I have a Scarlet interface which has pre-amps. They claim to be great, but which ones would you recommend just in case?


----------



## synthpunk (Mar 9, 2017)

Focusrite is a good clean preamp. I like to think you can never go wrong with Neve or API preamps. If you cannot afford those you can look at alternatives from Golden Audio Project (GAP) or Warm Audio.


----------



## kgdrum (Mar 9, 2017)

Agreed on a the benefits of a good preamp vs a mic pre in a I/O soundcard.
I was totally floored when I added a Great River ME-1NV to my rig,suddenly mics I had(Rode NTK)that I previously disliked sounded quite nice.


----------



## thesteelydane (Mar 9, 2017)

The Avantone tube mics in that price range are incredible, namely the CV12 and CV28. The latter sounds great on just about any instrument I have tried it on.

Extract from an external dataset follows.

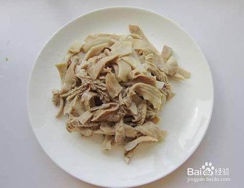 把羊肚用开水加花椒粒煮3分钟左右,捞起晾凉,切长宽条。

Edit: It is of course a coloured sound, but it's a NICELY coloured sound, if you know what I mean...


----------



## synthpunk (Mar 9, 2017)

A Engineer I respect very much once said a $75 SM58 through a $25 preamp will sound like a $25 mic, the same Mic put through a $500 preamp will sound like a $500 mic.


----------



## gsilbers (Mar 9, 2017)

mrd777 said:


> Hi guys,
> 
> So I'm wanting to get a general mic for things like speaking, recording small percussive elements, or single instruments.
> 
> ...




rodes nt5 or other small diaphragm mics are good for percussive stuff since they're faster. 
speaking mic like for VO then those large condenser like the neumann 102. or any of the lower priced. 
Michael jolly mics are good. gauge mics, avatone, warm audio. all of the new breed of clones are very good. i just love those clone mics and clone preamps. try doing a search for one of those mics then type "vs".. so "avatone XXX vs" and you'll get some cool youtube videos and audio examples of the big mics vs those clones and you can see how close they sound. always a big debate. 
also the new slate digital seem to be a hit.


----------



## chimuelo (Mar 9, 2017)

I really like the KSM8 I got last year.
Originally got it because Broadcasters and Vocalists liked them.
Turns out to be great for keeping out background reflections too.
Makes it great for just about anything.
I'd love to see the design on more mics, relatively new tech.
Fantastic sound quality on my go to (only) micpre, the FMR RNP.


----------



## mwarsell (Mar 16, 2017)

I have AKG C214 and like it a lot. Quite versatile imo.


----------



## mc_deli (Mar 16, 2017)

For your purposes and budget you should get a large diaphragm condenser and use your current audio interface.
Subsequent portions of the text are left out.